By Bree Brouwer
This past weekend at RTX, the annual gaming and internet convention held by Rooster Teeth Productions in Austin, Texas, the online video company announced its expansion into game development by unveiling the in-house produced “RWBY” video game.
Based on Rooster Teeth’s anime web series, which won the IAWTV award for Best Animated Series, the multi-player, team-based game will bring players into the world of “RWBY” and allow them to fight opponents as the show’s characters Ruby, Weiss, Blake, and Yang.
Currently titled “RWBY — Grim Eclipse,” the game spawned from the mind of 19-year-old Rooster Teeth community member Jordan Scott, who coded the game over five months and then showed the trailer to fellow members. Once Monty Oum, director of animation at Rooster Teeth, became aware of Scott’s work, he quickly hired the prodigy to work on making the full game.
“I’d get at least, like, 10 tweets a day saying, ‘Hey, Monty, have you seen this video?’” Oum says. “I sent a company-wide email: no one talk about this because we are going to hire this kid.”

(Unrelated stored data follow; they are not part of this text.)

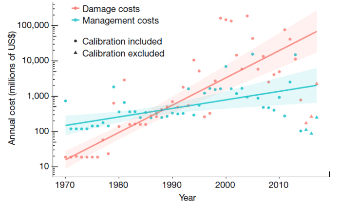 Fig.1. Evolution des coûts des dommages et de la gestion des espèces invasives à l’échelle mondiale
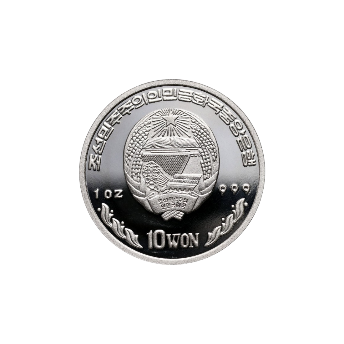 Awers monety przedstawia herb narodowy Korei Północnej, pod którym umieszczono informacje o wadze i czystości srebra: "1 OZ 999", oraz nominał "10 WON". Napis w języku koreańskim oznacza "Centralny Bank Koreańskiej Republiki Ludowo-Demokratycznej".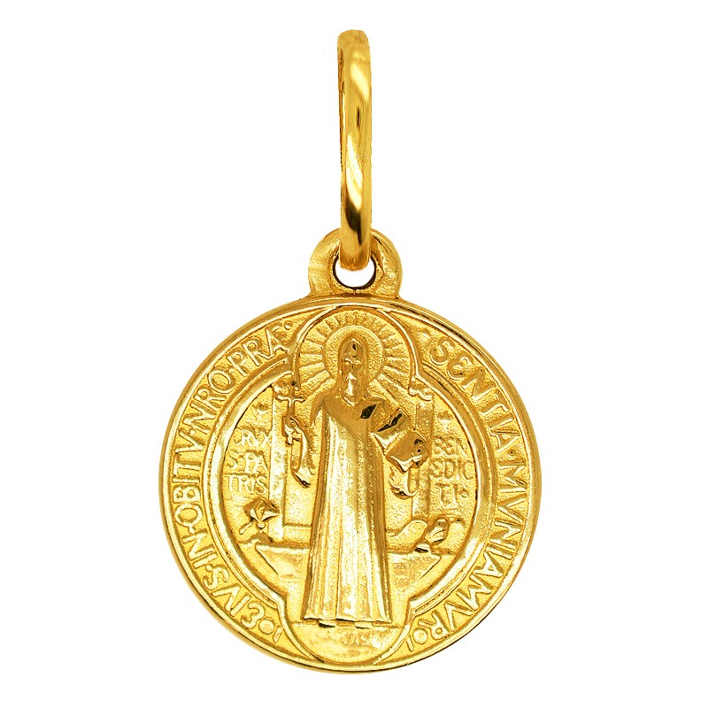 Awers złotego medalika przedstawia postać św. Benedykta. Natomiast rewers przedstawia krzyż wraz z pierwszymi literami z modlitwy z egzorcyzmem, między innymi CSSML co znaczy „Krzyż święty niech mi będzie światłem”. Jest w użyciu co najmniej od XVII wieku. Ma nieść za sobą liczne łaski i błogosławieństwa, w tym oddalać duchowe i fizyczne niebezpieczeństwa.

Oum had a Skype conversation with Scott and asked him how he made the game, discovering the developer had a good head on his shoulders because he hadn’t revealed any of his product until it was ready.
“If you had to sit there and make something really cool and get really excited about it for five months, you get this itch to put a little bit out there,” the “RWBY” creator says. “That starts defeating the end project.”
“Much like when I was making ‘Haloid,’ I sat quiet for four months and made it. I sat quiet for five months and made ‘Dead Fantasy,’ and let the finished product speak for itself. I like that about [the ‘RWBY’ game]. It showed he had a good understanding of the production side of things, and so that was the first good sign that he was a very good fit for this production.”
Though RTX attendees were able to demo a beta of the game on the exhibition floor, no release date for the final version has been announced.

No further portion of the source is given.